We’ll take a final question or two. Nick Wadhams.

QUESTION: Hi, can you guys hear me?

MR PRICE: We can.

QUESTION: Okay, thank you. Ned, the Trump administration played a mediating role in the Nile Dam dispute, though there was the impression among many observers in Africa that its stance was seen to favor Egypt. Is the Biden administration willing to resume that mediating role to resolve the Nile Dam dispute? Thanks.

MR PRICE: So, Nick, we continue to support collaborative and constructive efforts by Ethiopia, Egypt, and Sudan to reach an agreement on the GERD. We understand the GERD is a major issue for the three parties. We’re reviewing our GERD policy and assessing the role that we can play in facilitating a solution between those parties.

Why don’t we go to Ben Samuels of Haaretz.

QUESTION: Can you hear me?

MR PRICE: Yes, we can.

QUESTION: All right, great. Thanks for this. So there are reports emerging that Israel and the Palestinian Authority have reached a deal to vaccinate 100,000 Palestinian workers. Is this an adequate step in the eyes of the administration, or does it feel that Israel needs to further facilitate vaccine distributions for Palestinians in the West Bank and Gaza?

MR PRICE: So, Ben, on this we certainly welcome reports of vaccinations in the West Bank and Israel’s provision of vaccine for Palestinian healthcare workers in the West Bank, and we welcome it because we believe it’s important for Palestinians to achieve increased access to COVID vaccines in the weeks ahead.
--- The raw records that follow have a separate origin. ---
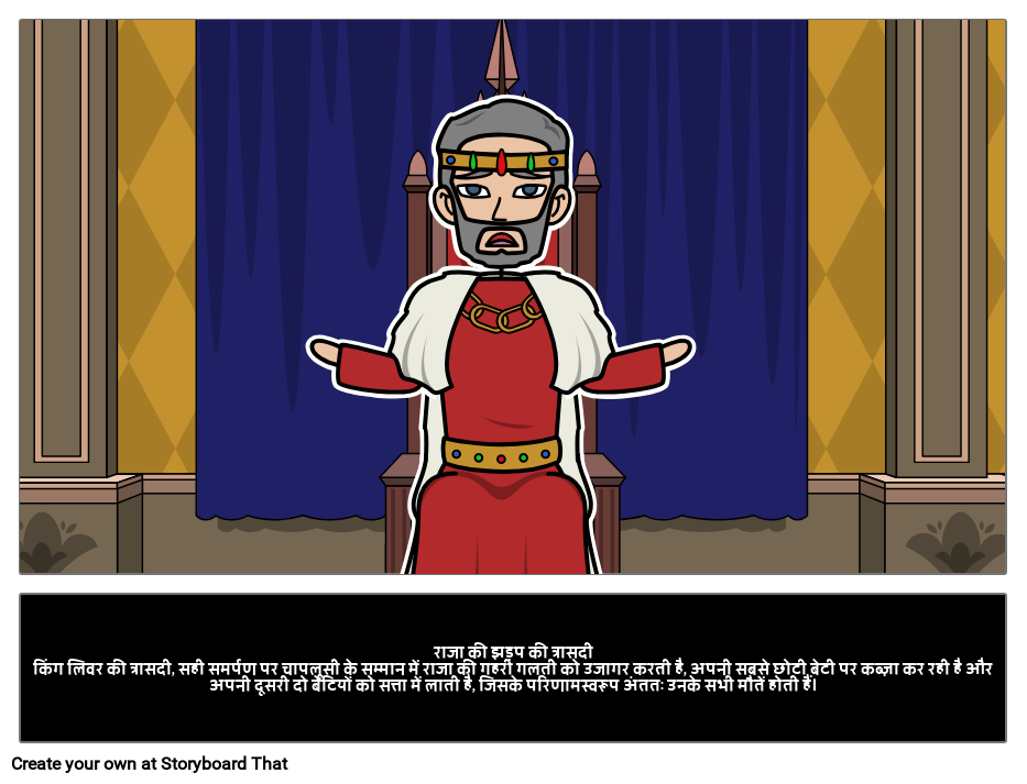 राजा की झड़प की त्रासदीकिंग लिवर की त्रासदी, सही समर्पण पर चापलूसी के सम्मान में राजा की गहरी गलती को उजागर करती है, अपनी सबसे छोटी बेटी पर कब्ज़ा कर रही है और अपनी दूसरी दो बेटियों को सत्ता में लाती है, जिसके परिणामस्वरूप अंततः उनके सभी मौतें होती हैं।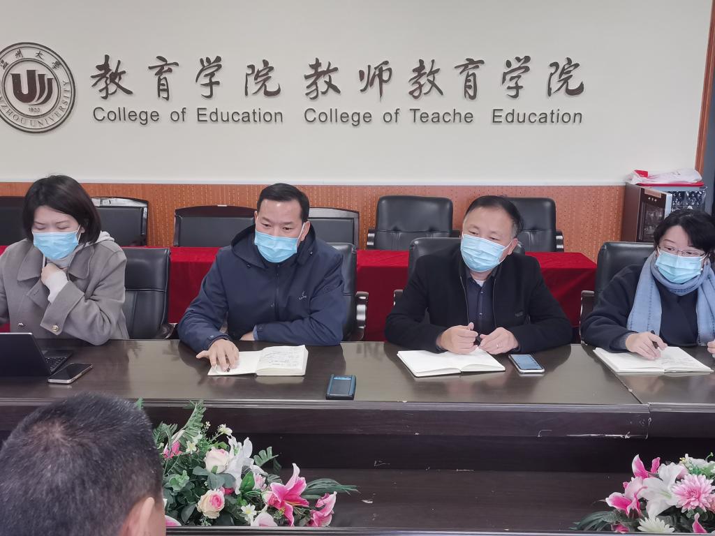 王舜副校长高度肯定学院在疫情防控中采取的积极举措,同时强调学院要把抓安全稳定工作和抓学院发展相结合,紧紧围绕博士点申报,继续凝练学院特色,推动学院内涵式、高质量发展。随后,王舜副校长还对学院的师资队伍建设、国际交流与合作、服务地方等工作提出了意见和建议。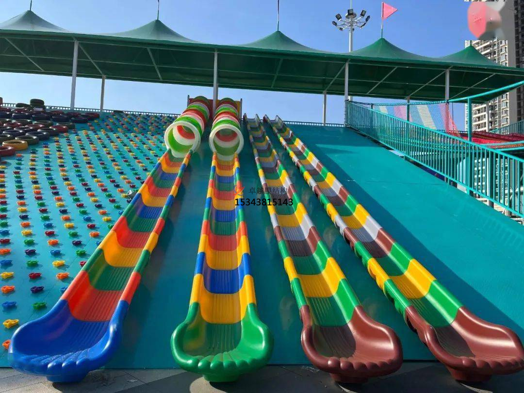 應用場景:這些彩色膜結構的游樂設備可以應用于各種場景,如公園、游樂場、商業(yè)中心等。它們可以是固定在地面上的,也可以是移動式的。一些常見的應用包括: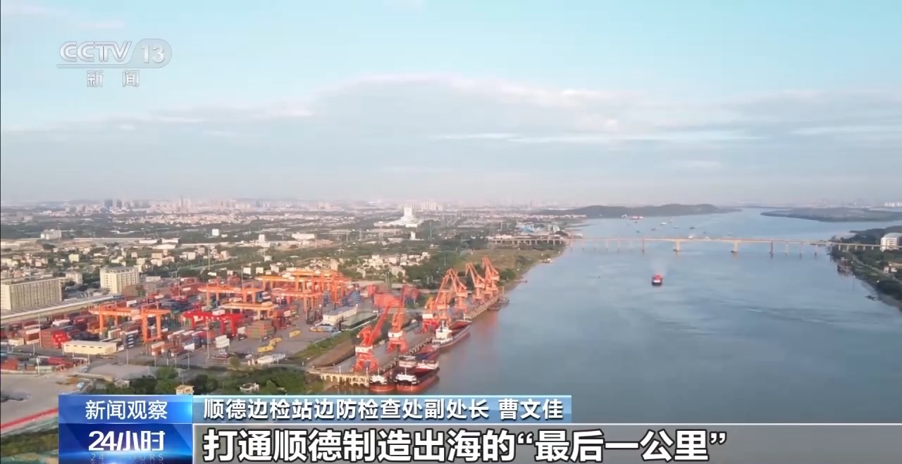 順德邊檢站邊防檢查處副處長(zhǎng) 曹文佳:在順德區(qū)4個(gè)貨運(yùn)碼頭,對(duì)載運(yùn)駐地企業(yè)成交訂單的出入境船舶,實(shí)行船舶邊檢查驗(yàn)“零待時(shí)”,一次辦妥出境手續(xù)就近出海,保障每天3000多個(gè)滿載“順德智造”電器產(chǎn)品的集裝箱,從走進(jìn)碼頭到裝船一路高效暢通,打通順德制造出海的“最后一公里”。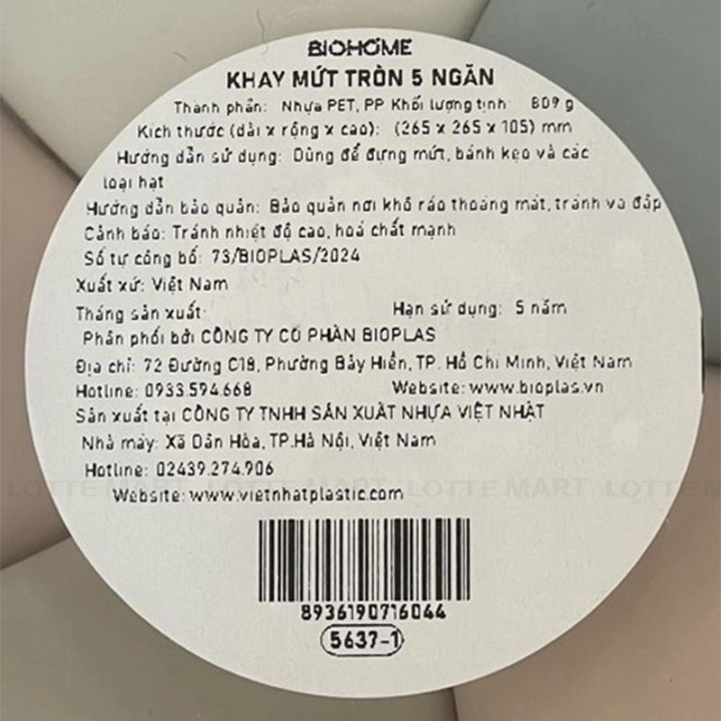 Hộp Mứt Tròn 5 Ngăn Biohome với thiết kế hình tròn tượng trưng cho sự viên mãn với 5 ngăn tách biệt, giúp bạn bày biện đa dạng các loại mứt và bánh kẹo một cách ngăn nắp, đẹp mắt trong ngày xuân đoàn viên.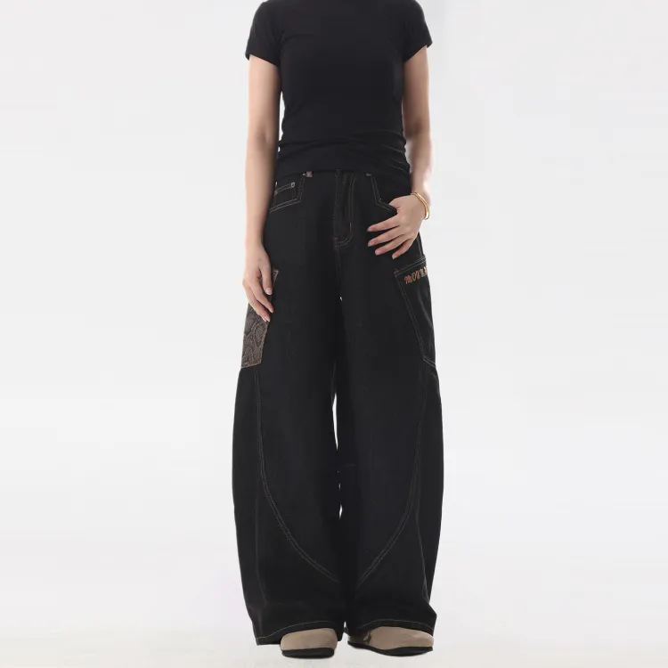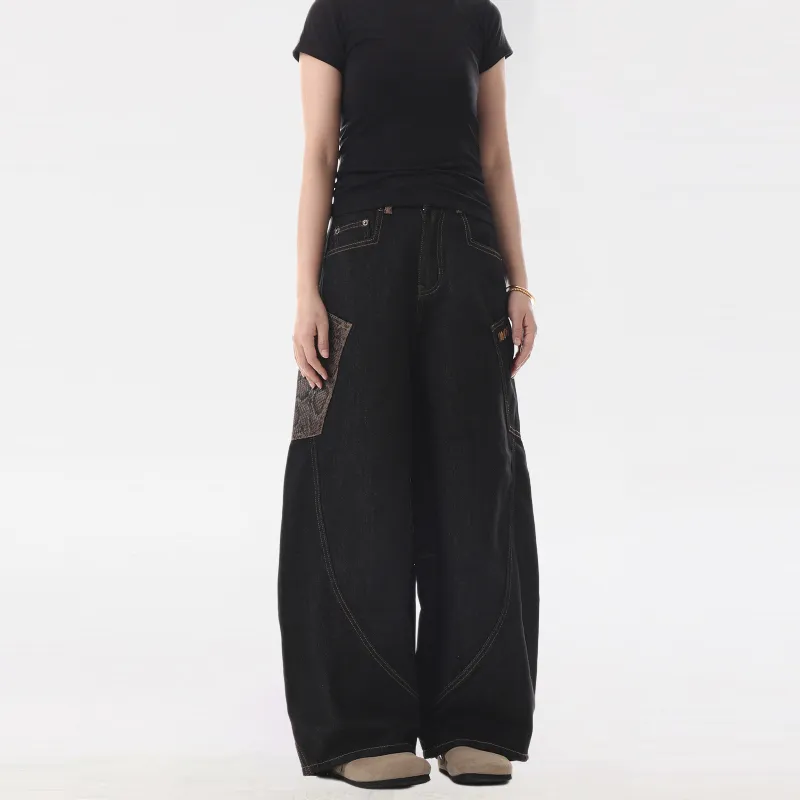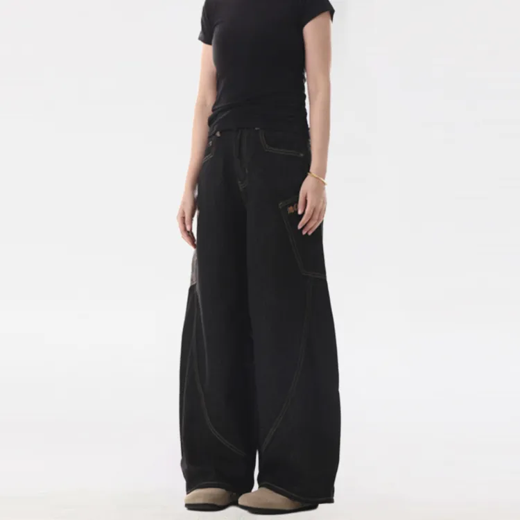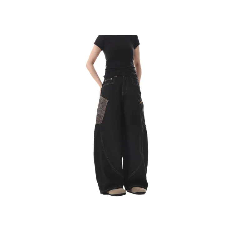 UNA RETA Матовый черный Унисекс Джинсы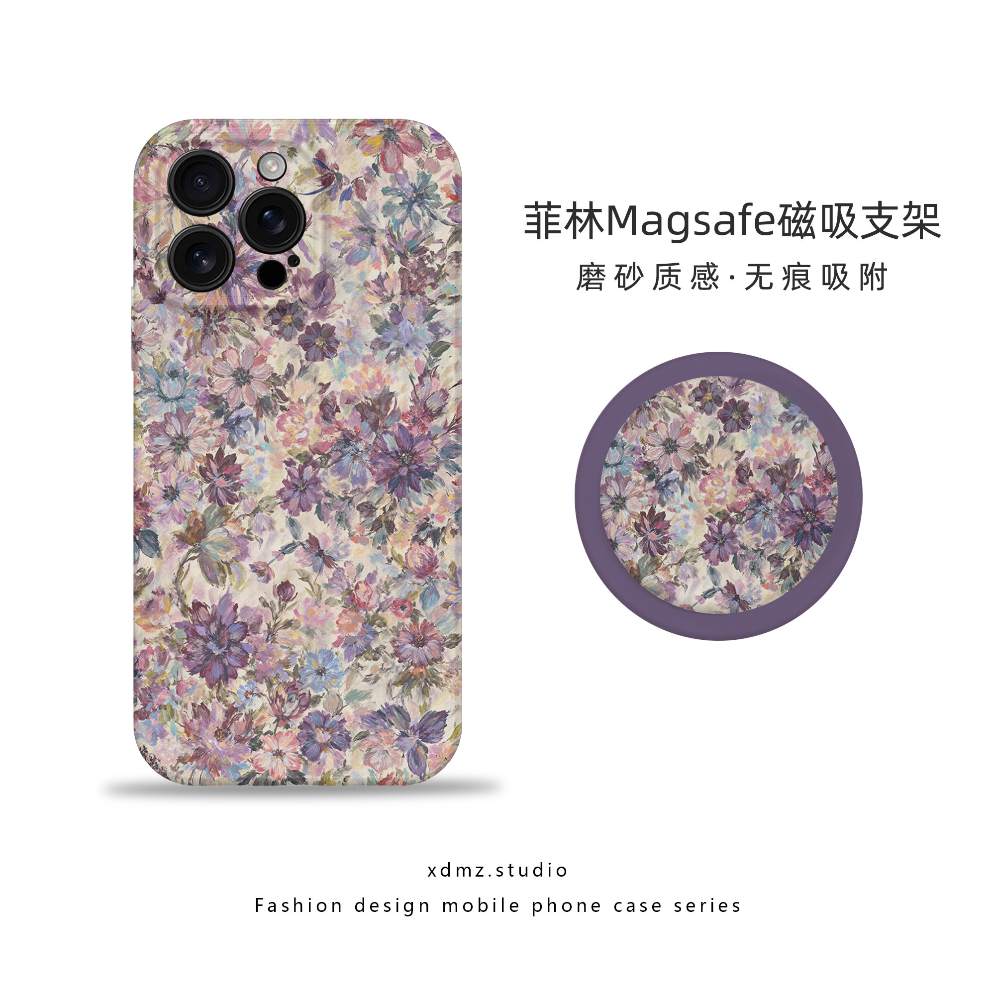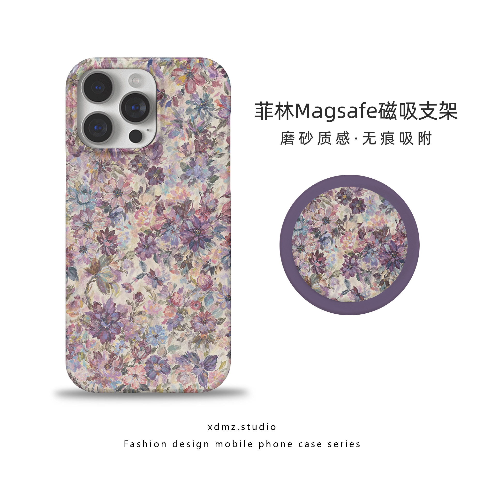 这款小清新碎花磁吸手机壳专为iPhone 17 Pro Max设计,同时兼容16 Pro、15、14、13、12及11 Pro Max等多款机型,适配性强。采用全包防摔设计,四角加高保护,有效缓冲跌落冲击。融入Ins风紫色碎花元素,简约甜美,彰显女性优雅气质。内置强力磁环,精准对齐MagSafe配件,充电稳固不脱落。背部集成隐藏式支架,横竖皆可支撑,追剧办公更便捷。轻薄贴合机身,按键灵敏,开孔精准,兼顾美观与实用,是追求时尚与防护兼备的女士理想之选。
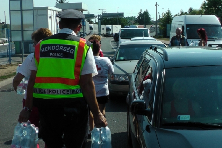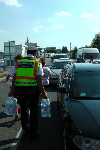 A záhonyi közúti határátkelőhelyen a rendőrök és a Magyar Vöröskereszt önkéntesei a rendkívüli hőségre tekintettel hűtött ásványvizet osztottak 2015. augusztus 8-án az átlépésre várakozó utasoknak.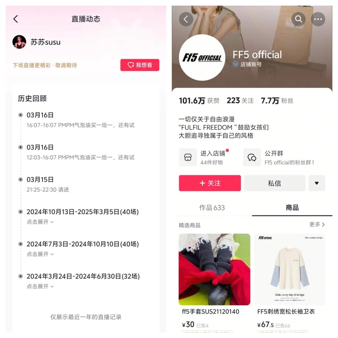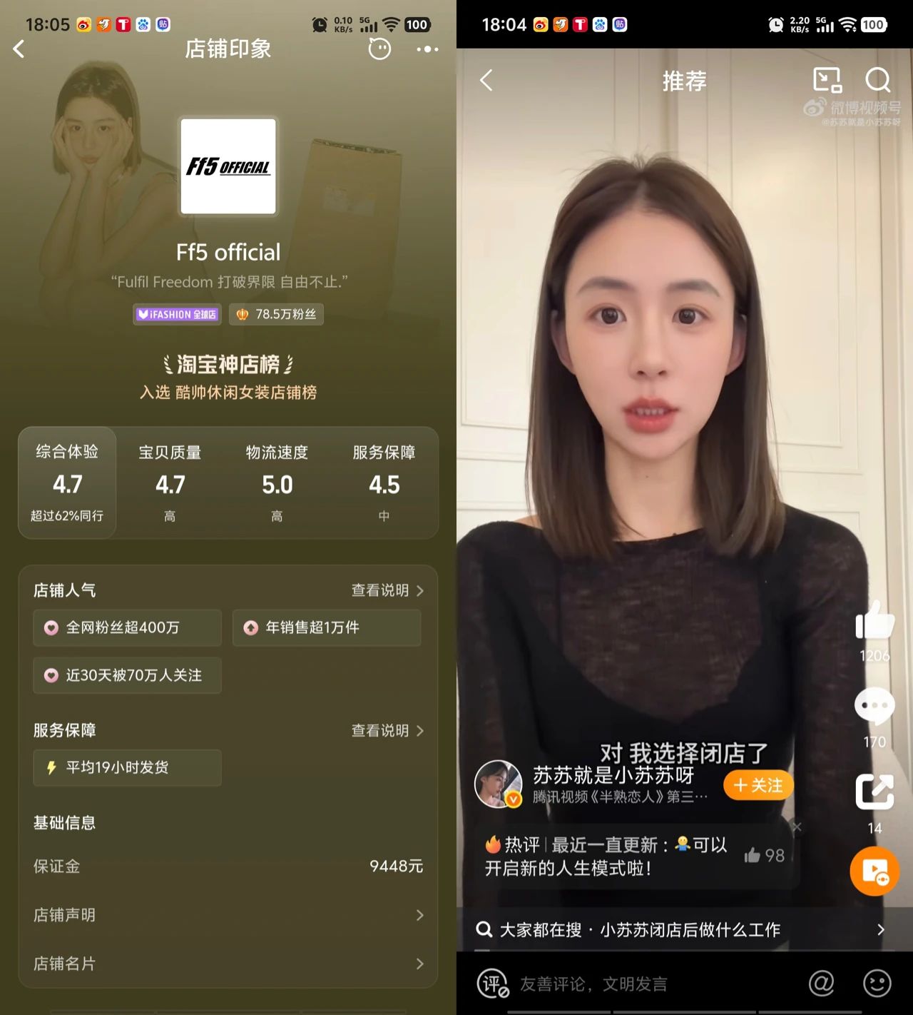 关店前,“Ff5 official”的淘宝店铺拥有78.5万粉丝,其主理人为“苏苏SUSU”,曾是《半熟恋人》第三季嘉宾,各大平台累计粉丝超1500万,其中抖音1102万,微博267万,是拥有不小粉丝群体的网红达人。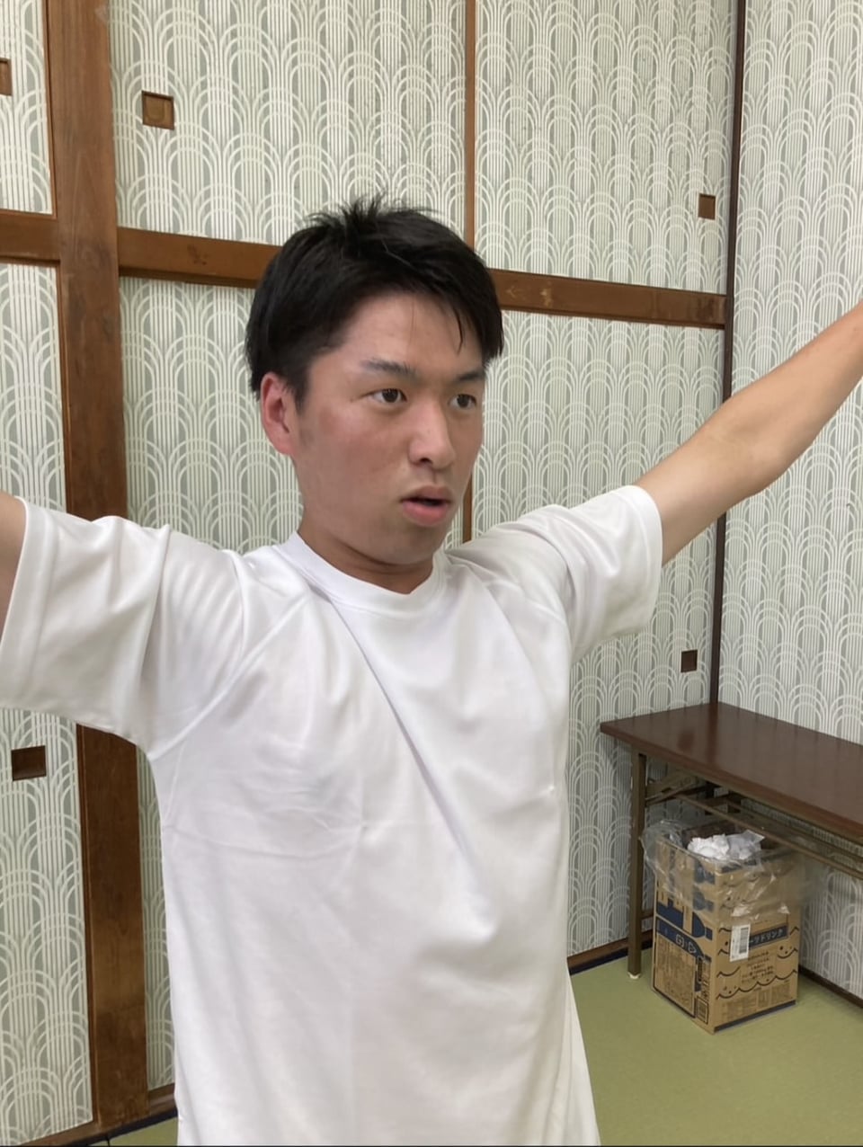 合宿5日目本日は校歌、応援歌、リーダー練習を行いました。写真は塩原祐樹です。児童スポーツ教育学部児童スポーツ教育学科児童スポーツ教育コース1年。第一学院高等学校お肌の弱いことが判明した塩原。日焼け対策を万全に臨みました。
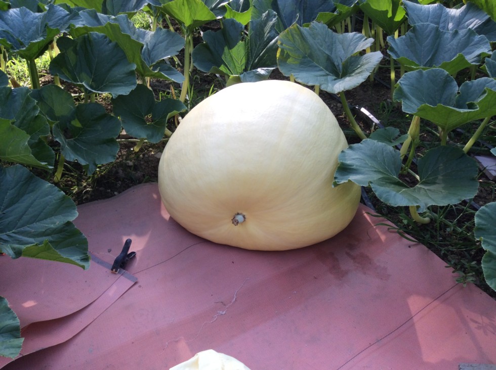 This is my 2268 LeBlanc fruit. Not doing so great. Day 24 today. I will measure on day 30, but i dont expect much. This pumpkin is way out on main vine, around 22 foot. Not ideal. I have a huge plant behond it, but barely any past the fruit because its at the end of the patch. Im trying to swoop some vines back to gain some more plant.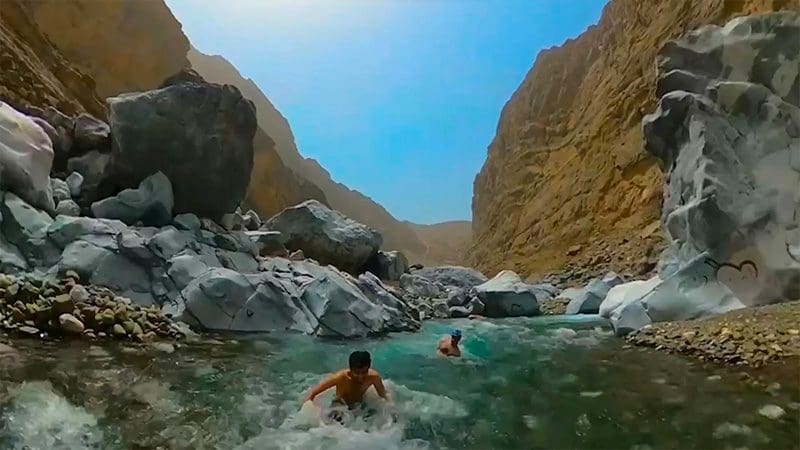 توثيق عُماني لوادٍ تتدفق مياهه بين صخور ذات حواف في إحدى الولايات “فيديو”

The Secretary made this point today in a separate setting that, of course, here in the United States we are focused on ensuring the distribution of a safe and effective vaccine to the American people, but we know we can’t put this scourge of COVID-19 behind us until the world has access to these same safe and effective vaccines. And we know that because we need look no further than the variants to this disease that have emerged, and we know that the longer this disease circulates around the world that the more risk we have here at home.

So whether it is in the context of the Palestinian territories, whether it is in the context of countries that may have access to the vaccine through the COVAX facility, which, of course, the United States pledged an ambitious amount to today: $2 billion immediately, $4 billion over time. This is something that we are working to see happen, and so we certainly welcome when additional populations have access to a safe and effective vaccine.

Let’s go to Haik Gugarats. Do we have Haik? Okay —

OPERATOR: Your line is now open.

QUESTION: Can you hear me?

MR PRICE: Yes, we have you.

QUESTION: Hi. Has the Saudi leadership of OPEC plus come up in Secretary Blinken’s conversations with his Saudi counterpart? And more broadly, how do you view the business of managing oil markets by OPEC producers’ alliance?

MR PRICE: Well, thanks for the question. I think it’s not something I would want to get into from here today. If we do have anything to share on that, we will be happy to get back to you. I also wouldn’t want to speak to private conversations.

So with that, I think we’ll go ahead and call it a day. Thank you, everyone, for tuning in, and we will see you back in the briefing room on Monday. Thanks very much.